We think VoiceQ Writer is a lot like software that allows composers to better create music cues that match the scene, except digging even deeper than that into the all-important element of language itself. When language can better reflect the original intent, the emotion of the scene can be better felt by the viewer.

VoiceQ Actor similarly allows voice performers to be intimately involved in projects. Instead of walking into the studio at the last minute to receive lines and working in the moment to “replicate” the original performance, VoiceQ Actor provides performers with the immense and all-important luxury of time to understand and craft a performance. Working from their own home (or wherever they’d like), they can access scenes and scripts, rehearse their own performances, share their work in advance, and experiment with different timing. It’s all done with an easy interface that is easy for anyone to learn – VoiceQ provides training for users – that takes a process that was once the realm of studio engineers and makes it more interactive and even more fun.

Involving voice performers in the language-localization process is so important to us that we’re making VoiceQ available to voiceover professionals free until early 2023; all they need to do is sign up. We’re going this because it’s performers can focus on their creative work when they are more comfortable with the technical side of their craft.

These tools for writers and actors are further aided by our VoiceQ Cloud system, which allows dubbing directors and producers to have greater control over different elements of a project even before setting foot in a studio. Working remotely, VoiceQ Cloud mimics our in-studio professional VoiceQ software to allow better project management.

When it all gets put together, these individual software and technology components combine in ways that make the final in-studio recordings better in every possible way. By inviting writers, performers and directors to take part in the process earlier and more directly, studio time can be focused on even stronger creative results.

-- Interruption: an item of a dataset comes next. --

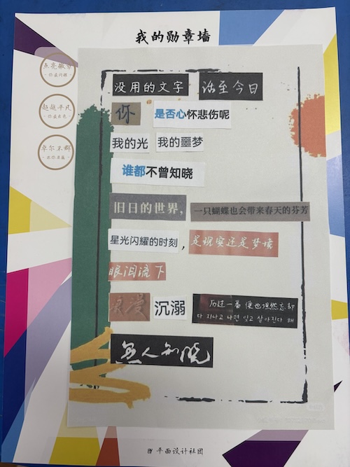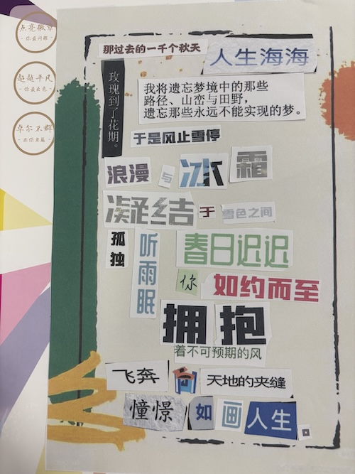 打破常规创作边界,利用素材完成拼贴诗成为社团创新之举。旧杂志、报纸变身诗意宝库,剪下的只言片语在成员巧手下重获新生。字与字邂逅,行与行交织,跳跃的意象、独特的韵律,拼贴出专属的诗意画卷,激发无限创造力,挖掘文字隐藏魅力。

All of it may have been possible prior to the pandemic, but the last two years have only strengthened our commitment – and, we’ve seen, the entire industry’s – to making dubbed content better, faster and more efficient. Of course we do it to be better in our jobs, to meet deadlines and budgets … but more than anything, the reason we do it is to make the viewing experience better for audiences around the world.

All of us involved in dubbing and localization are involved in the remarkably important work of breaking down barriers between cultures and languages. When we do that, we show the world that the emotions of humanity – the joy, the excitement, the humor, the drama – are the same no matter where you’re from … and no matter what language you speak.